[Dataset records]:
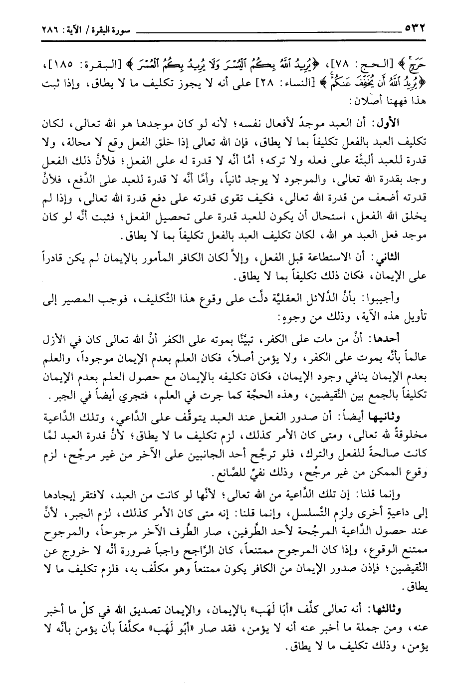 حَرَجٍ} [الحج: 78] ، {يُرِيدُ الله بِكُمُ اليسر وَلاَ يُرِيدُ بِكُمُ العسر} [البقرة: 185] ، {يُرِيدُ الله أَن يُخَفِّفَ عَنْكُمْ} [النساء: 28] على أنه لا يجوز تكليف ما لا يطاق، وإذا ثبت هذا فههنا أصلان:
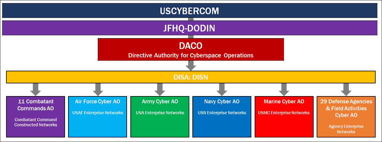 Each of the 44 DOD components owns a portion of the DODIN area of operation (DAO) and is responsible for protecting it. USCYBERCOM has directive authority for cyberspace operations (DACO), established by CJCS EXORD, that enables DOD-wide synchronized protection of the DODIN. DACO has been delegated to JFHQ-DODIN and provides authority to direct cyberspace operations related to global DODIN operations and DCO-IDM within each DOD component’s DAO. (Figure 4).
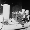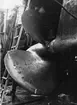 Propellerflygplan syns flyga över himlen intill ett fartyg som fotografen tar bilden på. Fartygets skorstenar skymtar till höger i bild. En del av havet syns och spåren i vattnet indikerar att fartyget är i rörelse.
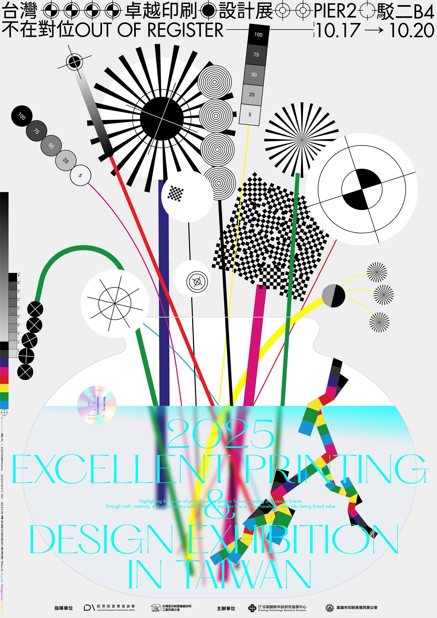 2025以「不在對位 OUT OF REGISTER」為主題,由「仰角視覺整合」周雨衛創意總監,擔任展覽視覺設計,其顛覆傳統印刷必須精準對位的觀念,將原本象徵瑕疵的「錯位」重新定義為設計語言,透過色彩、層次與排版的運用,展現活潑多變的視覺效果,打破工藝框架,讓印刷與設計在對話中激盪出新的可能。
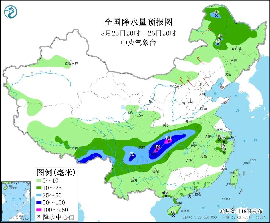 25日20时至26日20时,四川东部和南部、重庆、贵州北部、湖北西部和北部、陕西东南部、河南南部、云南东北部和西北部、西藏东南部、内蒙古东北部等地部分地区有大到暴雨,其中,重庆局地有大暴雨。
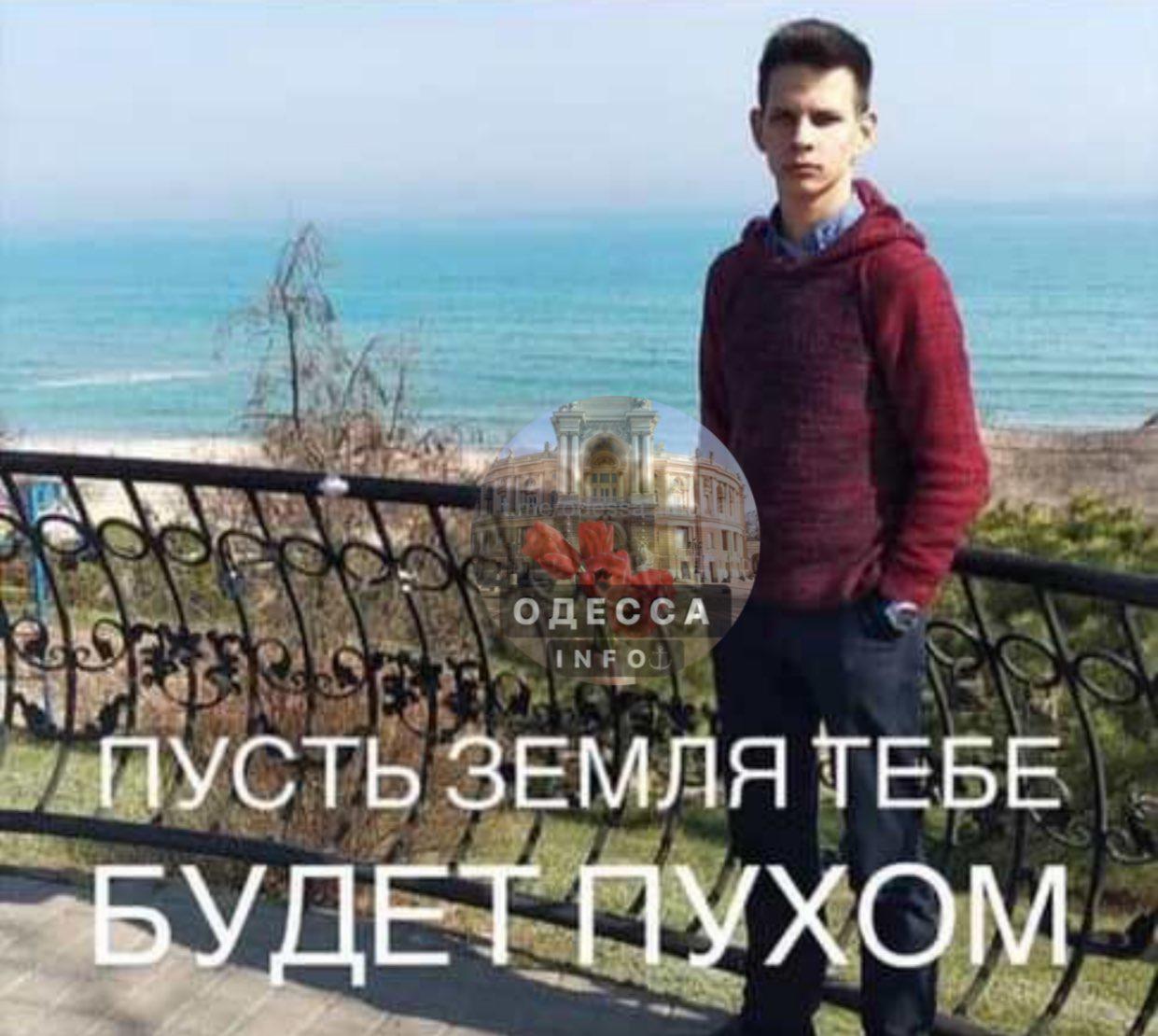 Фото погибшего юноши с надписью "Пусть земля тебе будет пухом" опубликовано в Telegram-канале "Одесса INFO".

* * *

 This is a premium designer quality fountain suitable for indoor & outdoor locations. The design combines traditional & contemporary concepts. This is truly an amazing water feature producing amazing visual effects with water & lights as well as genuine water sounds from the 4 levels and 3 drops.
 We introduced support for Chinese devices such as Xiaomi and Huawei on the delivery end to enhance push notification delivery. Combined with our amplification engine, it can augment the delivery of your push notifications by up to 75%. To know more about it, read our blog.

[What to produce]:
Using the listing above, restate exactly the range between the lines holding "2025以「不在對位 OUT OF" and "25日20时至26日20时,四川东部和南", inclusive, with pictures left out.

[Your response]:
 2025以「不在對位 OUT OF REGISTER」為主題,由「仰角視覺整合」周雨衛創意總監,擔任展覽視覺設計,其顛覆傳統印刷必須精準對位的觀念,將原本象徵瑕疵的「錯位」重新定義為設計語言,透過色彩、層次與排版的運用,展現活潑多變的視覺效果,打破工藝框架,讓印刷與設計在對話中激盪出新的可能。
 25日20时至26日20时,四川东部和南部、重庆、贵州北部、湖北西部和北部、陕西东南部、河南南部、云南东北部和西北部、西藏东南部、内蒙古东北部等地部分地区有大到暴雨,其中,重庆局地有大暴雨。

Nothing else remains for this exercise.